Two profiler-enforced findings: QOS_USER_INTERACTIVE was 4× worse than USER_INITIATED for this
workload, and the pool is warmed by a tiny dispatch at import so the first timed call doesn't pay
thread-creation latency.
Points inside the main cardioid and period-2 bulb never escape — and they're the most expensive pixels, burning all 256 iterations. Both regions have closed-form membership tests: a handful of FLOPs replaces 256 iterations, evaluated vectorized before the loop.
// q·(q + (cr − ¼)) ≤ ¼·ci² → inside main cardioid
float32x4_t q = vmlaq_f32(ci2, crm, crm);
uint32x4_t in_set = vcleq_f32(vmulq_f32(q, vaddq_f32(q, crm)),
vmulq_f32(quarter, ci2));
z = z² + c is a serial dependency chain — one 4-lane chain can't fill the M4's SIMD pipes.
Interleaving two independent vector groups (8 pixels) keeps the FMA units busy while each chain waits
on its own latency. Measured: G=1 → 0.71 ms, G=2 → 0.39 ms, G=3 → 0.46 ms (register pressure wins).
The viewport is symmetric about the real axis, and conj(z² + c) = conj(z)² + conj(c) — with
IEEE negation being exact, escape counts are bit-identical for mirrored rows. Compute the top half,
memcpy the rest. The best optimization in the whole project is a line of mathematics.
The horizontal reduce (vmaxvq_u32) + branch asking "any lane alive?" serializes the loop.
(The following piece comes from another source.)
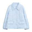 ¡No dejes que el frío te arruine el estilo! Este abrigo de algodón azul es una prenda imprescindible para cualquiera que quiera abrigarse y mantener un estilo sofisticado. Su combinación de comodidad informal y elegancia para la oficina lo hace perfecto para la mujer moderna y ocupada. ¡Agrega este abrigo versátil a tu guardarropa de invierno hoy y disfruta del equilibrio perfecto entre comodidad, calidez y elegancia!

It now runs every 4th iteration. Per-lane masking stays exact — dead lanes idle through up to 3 wasted
iterations, and inf/NaN comparisons can never resurrect them.
The MSL kernel ships as a source string — newLibraryWithSource compiles it at import, no
offline toolchain. One thread per top-half pixel; each writes its pixel and the mirrored one.
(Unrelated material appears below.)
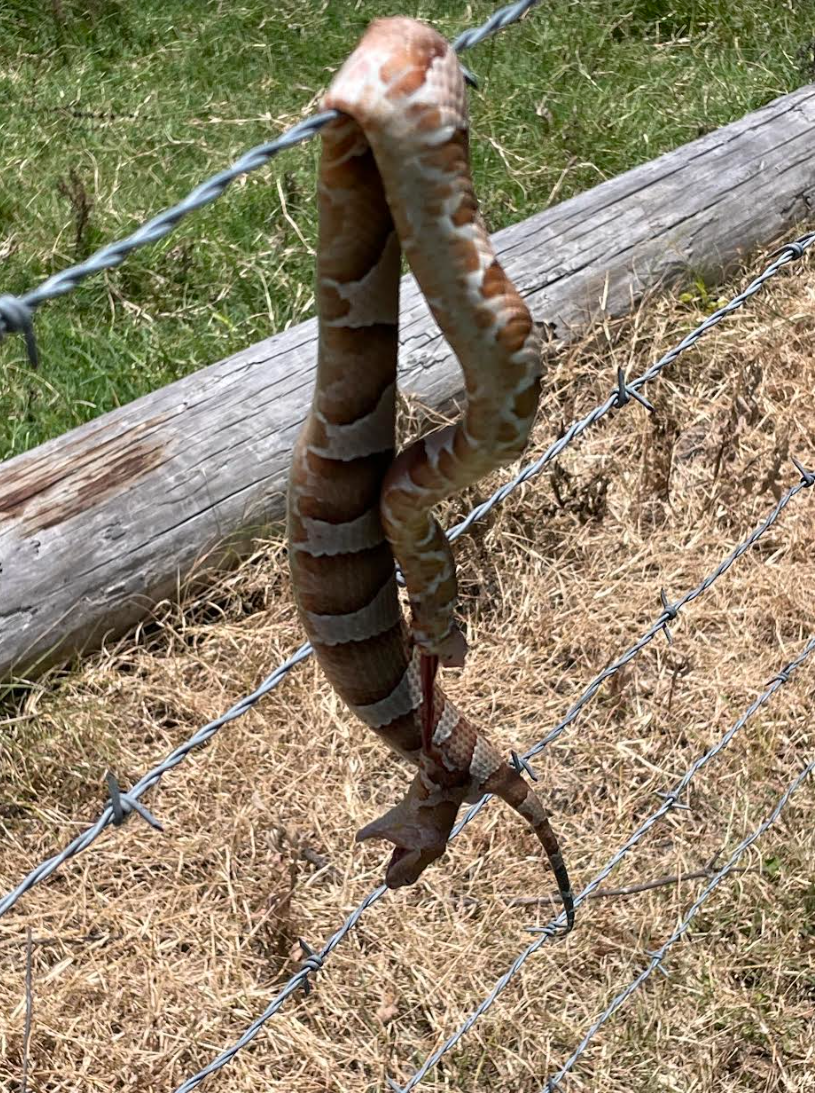 Look at this very large copperhead killed by Al Gross on back porch. They are out and about! Thanks for sharing!

The cardioid early-out returns whole 32-wide SIMD groups early in bulk regions.
kernel void mandel(device ushort *out [[buffer(0)]],
constant uint4 &p [[buffer(1)]],
uint2 gid [[thread_position_in_grid]])
{
// … escape loop …
out[gid.y * w + gid.x] = (ushort)it;
out[(h - 1 - gid.y) * w + gid.x] = (ushort)it; // mirror row
}
The GPU writes into a StorageModeShared buffer; Python receives a numpy view of the same
physical memory. No 2.2 MB memcpy, no staging, hazard tracking off — waitUntilCompleted
is the only synchronization. This is the Apple Silicon advantage discrete GPUs can't match at small sizes.
Swept 32×4 / 32×8 / 32×16 / 32×32 threadgroups: flat through 16, clear regression at 32 (occupancy). Shipped 32×8 = 256 threads per group, matching Apple's guidance — but only after the sweep confirmed it.
A Metal dispatch carries a fixed ~0.2 ms command-buffer cost. At sub-millisecond workloads the 14-core CPU is nearly even; scale up and the 40-core GPU runs away.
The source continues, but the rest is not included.